The image froze on Harris's battered mask.
"Translation?" McCaffrey asked.
A linguistics expert, a young woman with tired eyes, stepped forward. She consulted her notes on the Aereth Lexicon.
"It's... highly specific dialect, General. High-Elven syntax but... twisted."
"Just tell me what it means," McCaffrey growled.
The linguist took a breath.
"Ca Lum means 'The Sky' or 'The Heavens.' But in this context, it implies a location. A Citadel."
"Nox is 'Night' or 'Void.'"
"Vera... means 'True' or 'Real.'"
She looked up at the screen.
"Roughly translated, he said: 'The Sky-Citadel of the True Void.'"
McCaffrey sat back.
"Coordinates?"
"We don't have coordinates for a 'Sky-Citadel,' sir," Major Reeves said. "It's not on any map we've made."

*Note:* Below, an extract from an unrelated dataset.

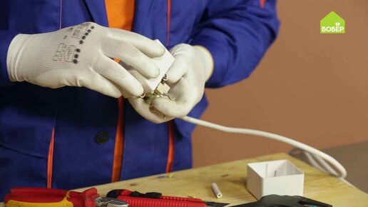 Если вам срочно нужен удлинитель, сделайте его самостоятельно! Разберите розетки и вилку. С помощью канцелярского ножа зачистите один конец провода: снимите внешнюю белую изоляцию. Рекомендуем использовать трёхжильный провод с сечением не меньше, чем 1,5 квадрата. С помощью специального инструмента для зачистки проводов зачистите концы для подключения. Подключите провод к вилке: раскрутите стопорное кольцо вилки, проложите провод и подключите его к штекерам. Чтобы с проводом было удобнее работать, скрутите его по спирали...

"Then we make new maps," McCaffrey said. His voice was cold, calculating. "Harris gave us a destination. He knew he was being recorded. Or he hoped. He bought us a lead with his own blood."
Hooch stood in the back of the room, still covered in black dust, holding his helmet with the crappy NVG still attached.
"Sir," Hooch spoke up. "Permission to speak."
"Granted, Lieutenant," McCaffrey said.
"Those things... the Wraiths. They looked at Harris like he was a science experiment. They didn't kill him. They want him for something."
"They want the Prime Gene," McCaffrey said. "And the Mask. They are going to try to separate them."
McCaffrey leaned into the camera.
"You did good work, son. You brought us the breadcrumb. Now go get some sleep. Because when we find this 'Sky-Citadel'... we are going to send every bird we have."
Hooch nodded. He walked out of the room.
He stepped out onto the tarmac. The night air was cold.
He looked up at the stars, obscured by the magnetic clouds.
"Hold on, Harris," Hooch whispered to the dark. "Don't let them break you. Not yet."
He pulled out his Zippo.
Clink. Flash.
The flame burned steady in the wind.
The Rescue Mission wasn't over. It had just found a target.